Kip’s monumental work on British Topography
By KIP, Johannes, 1735
Nouveau Théâtre de la Grande Bretagne: ou description exacte des palais du roy et des maisons les plus considerables des seigneurs & des gentilshommes.
- Author: KIP, Johannes
- Publication place: London
- Publisher: Thomas Millard, Jean Brindley, Robert Willcock & Bisphan Dickinson
- Publication date: 1735.
- Physical description: Four volumes, folio (540 by 360mm), titles printed in red and black, one additional engraved title (in volume 4), 256 engraved plates (of a possible maximum of 262 — see footnote), comprising 12 folding, 211 double page, and 33 single-page, text and plates mounted throughout on guards, nineteenth-century mottled calf gilt by J. Wright, centrepiece on each cover with initials “M.A.S.”, here bound without 5 plate listed in the index for volume 3, but see footnote (Carte d’Angleterre, Jardins [de Wentworth], Argile House, Chateau de Schoon, Chateau de Roy et Gicht), occasional spotting and minor soiling, a few plates creased, and minor repairs to folding St Paul’s plate, rebacked retaining original spines.

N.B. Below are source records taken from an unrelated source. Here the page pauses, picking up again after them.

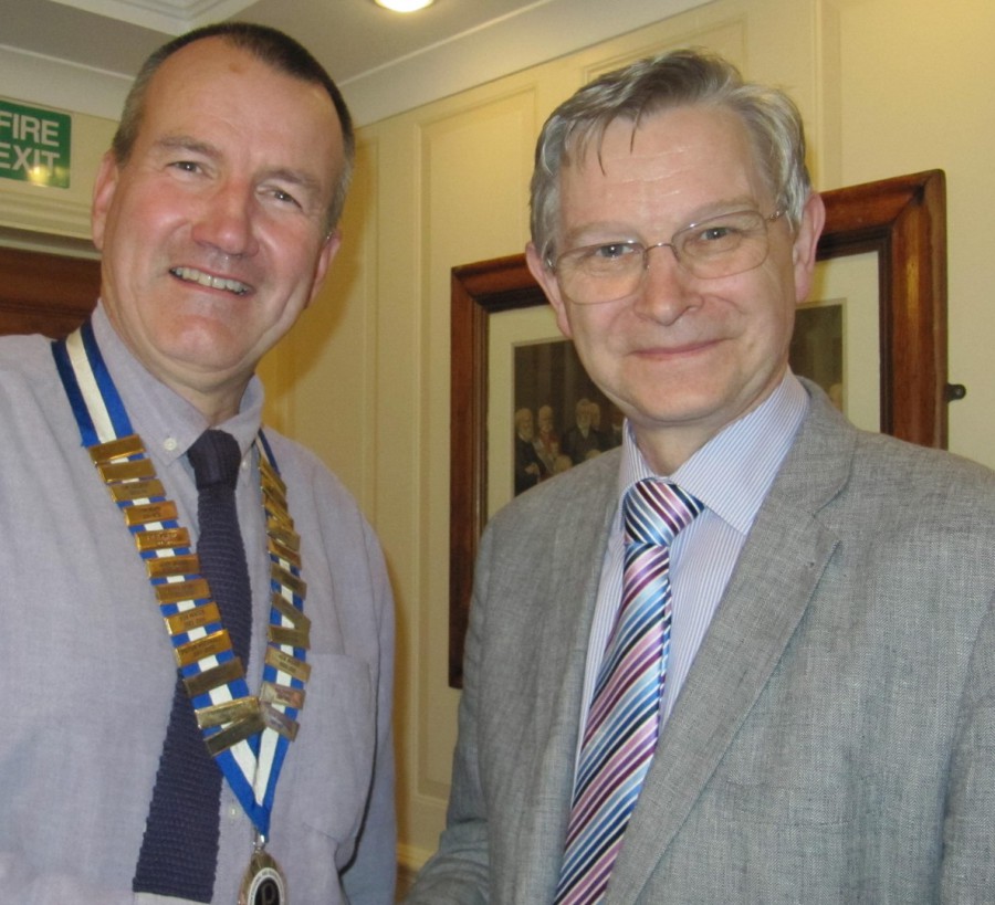 Chairman Simon Powlson welcomes new member Stuart Arnold into the Club at our second lunch meeting this year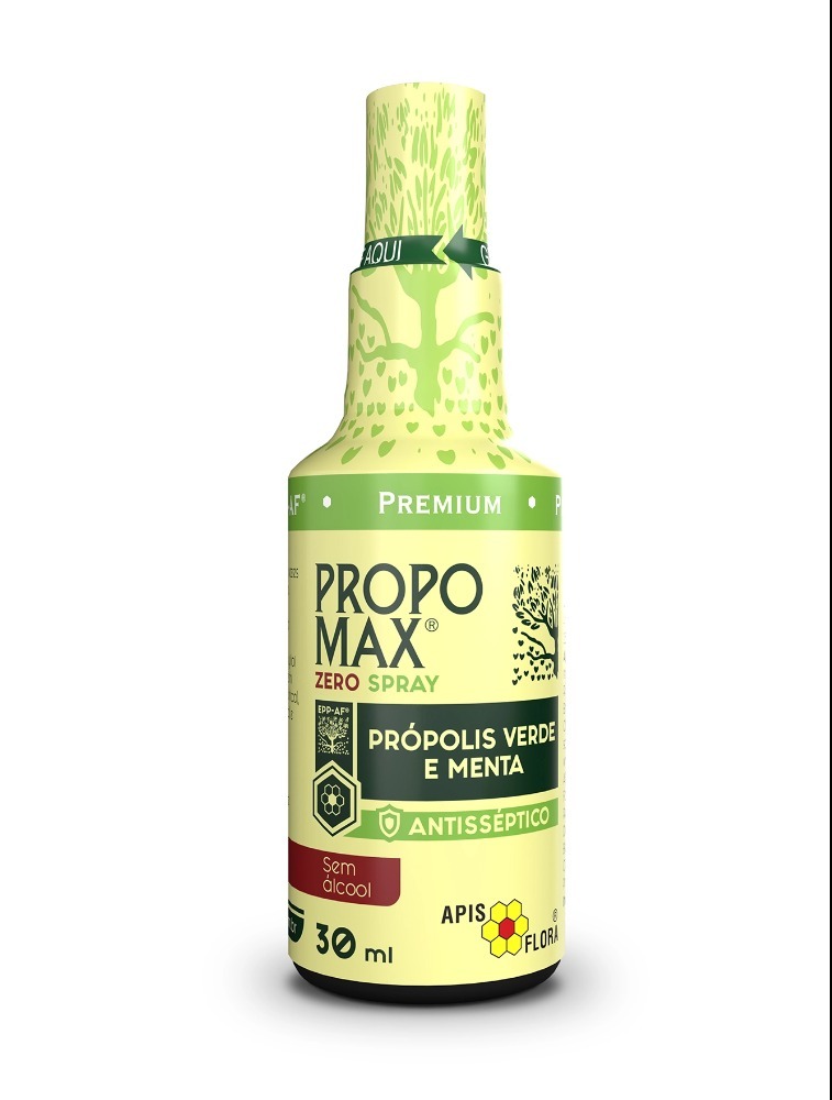O Propomax® Zero Spray possui em sua composição extrato de própolis e óleo essencial de menta (Mentha piperita). É um spray aromatizante bucal com ação antisséptica especialmente indicado para pessoas que não podem consumir álcool, além de ser um produto sem açúcar.
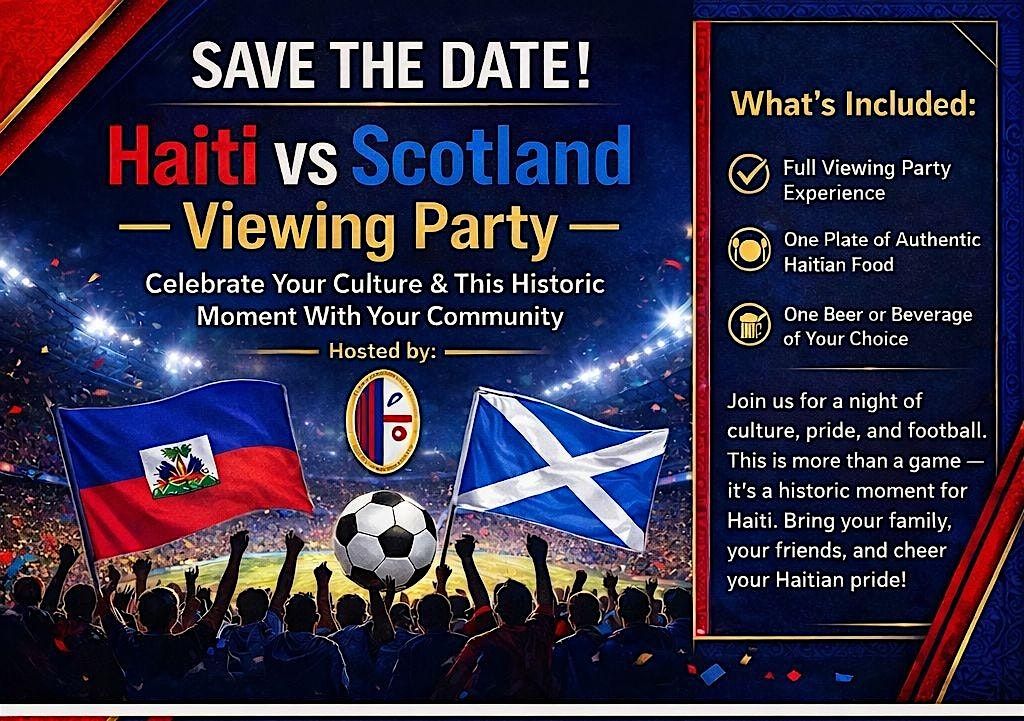 Join us for an unforgettable night of energy, culture, and nonstop vibes as Haiti takes on Scotland! Whether you're here for the game, the atmosphere, or the after party â this is the place to be.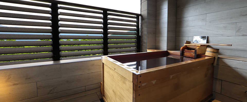 全ての客室半露天風呂から、大自然の景色をお楽しみいただける構造になっており、中でも富士山や外輪山眺望の半露天風呂から眺める富士山や外輪山はとても美しく、森側からの眺望も、いつまでも眺めていたくなるほどです。

- Inventory reference: 11552
The contribution by other engravers comprises an outstanding series of plates showing the royal palaces, naval towns (Harwich, Chatham, Rochester, Portsmouth, Plymouth and the Eddystone Lighthouse), cathedrals, the colleges of Oxford and Cambridge, and large panoramic views of London, Westminster, Oxford and Cambridge. The Scottish plates, which include a fine panoramic view of Edinburgh, are largely derived from Slezer’s Theatrum scotiae.

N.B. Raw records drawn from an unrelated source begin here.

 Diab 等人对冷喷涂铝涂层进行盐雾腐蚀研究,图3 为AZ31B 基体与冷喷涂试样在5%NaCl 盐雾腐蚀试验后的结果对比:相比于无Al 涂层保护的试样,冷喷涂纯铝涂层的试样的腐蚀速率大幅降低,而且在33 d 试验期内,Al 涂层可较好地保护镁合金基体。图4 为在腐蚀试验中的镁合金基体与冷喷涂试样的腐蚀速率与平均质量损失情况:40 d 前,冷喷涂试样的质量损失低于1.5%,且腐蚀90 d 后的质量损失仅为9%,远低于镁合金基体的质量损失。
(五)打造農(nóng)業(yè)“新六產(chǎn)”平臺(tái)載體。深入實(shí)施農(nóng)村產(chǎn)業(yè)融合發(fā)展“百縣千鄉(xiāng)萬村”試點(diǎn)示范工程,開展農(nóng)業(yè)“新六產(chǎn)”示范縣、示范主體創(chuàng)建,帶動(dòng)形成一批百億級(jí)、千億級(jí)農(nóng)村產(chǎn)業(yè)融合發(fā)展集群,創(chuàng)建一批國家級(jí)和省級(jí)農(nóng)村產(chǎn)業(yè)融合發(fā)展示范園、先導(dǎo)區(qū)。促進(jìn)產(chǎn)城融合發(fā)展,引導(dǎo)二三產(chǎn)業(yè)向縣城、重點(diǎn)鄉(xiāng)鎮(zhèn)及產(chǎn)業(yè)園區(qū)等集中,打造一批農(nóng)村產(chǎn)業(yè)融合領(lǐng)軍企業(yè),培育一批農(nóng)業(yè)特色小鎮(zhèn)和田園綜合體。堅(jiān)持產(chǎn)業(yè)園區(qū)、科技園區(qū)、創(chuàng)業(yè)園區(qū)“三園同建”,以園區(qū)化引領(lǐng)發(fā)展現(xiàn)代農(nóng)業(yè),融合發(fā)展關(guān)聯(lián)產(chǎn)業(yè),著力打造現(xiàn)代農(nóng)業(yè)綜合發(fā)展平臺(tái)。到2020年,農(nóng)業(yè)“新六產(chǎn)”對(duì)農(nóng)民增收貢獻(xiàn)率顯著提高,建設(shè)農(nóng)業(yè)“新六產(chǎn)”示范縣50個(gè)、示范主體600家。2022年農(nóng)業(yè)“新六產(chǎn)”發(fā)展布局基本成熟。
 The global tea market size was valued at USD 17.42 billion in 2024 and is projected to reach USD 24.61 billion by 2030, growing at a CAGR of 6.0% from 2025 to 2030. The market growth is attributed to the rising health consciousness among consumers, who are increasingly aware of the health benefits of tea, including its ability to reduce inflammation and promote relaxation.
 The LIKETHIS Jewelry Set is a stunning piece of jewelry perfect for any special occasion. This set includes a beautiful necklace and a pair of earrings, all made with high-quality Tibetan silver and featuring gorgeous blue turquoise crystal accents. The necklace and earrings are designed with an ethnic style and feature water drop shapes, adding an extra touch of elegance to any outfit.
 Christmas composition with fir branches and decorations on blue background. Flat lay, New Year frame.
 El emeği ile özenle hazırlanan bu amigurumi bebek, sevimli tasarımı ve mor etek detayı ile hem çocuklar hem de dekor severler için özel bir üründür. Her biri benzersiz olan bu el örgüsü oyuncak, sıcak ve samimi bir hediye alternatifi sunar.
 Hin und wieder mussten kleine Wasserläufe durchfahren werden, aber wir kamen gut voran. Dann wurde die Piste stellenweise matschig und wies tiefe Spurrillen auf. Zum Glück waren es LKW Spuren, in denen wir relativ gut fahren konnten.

The genesis of the work however was in the late seventeenth-century with Kip’s fellow Dutchman Leonard Knyff (1650–1727). It was his initiative to publish a series of engraved views of English country houses when he announced in the Post Man for 10–12th May 1698 that he ‘’hath undertaken, by way of Subscription, the Drawing and Printing of 100 Noblemen and Gentlemens Seats… A hundred Subscribers shall pay Ten pound each; Six pounds thereof at the time of their Subscriptions, and the remaining Four Pounds when half is finished to carry on the rest, and shall then be delivered, That every Subscriber shall have two Prints of each impression, which make in all 200’’. However Knyff encountered financial difficulties so that when the work was finally published the plates, which were engraved by Kip, were owned by David Mortier.
The work was greatly expanded during the 1710s ‚1720s, and 1730s with the result that the content of later copies tends to vary, some plates not being included at the behest of the buyer, as was probably the case with the present work. The five plates called for in the index to volume 3 do not appear to have ever been included at the time of binding.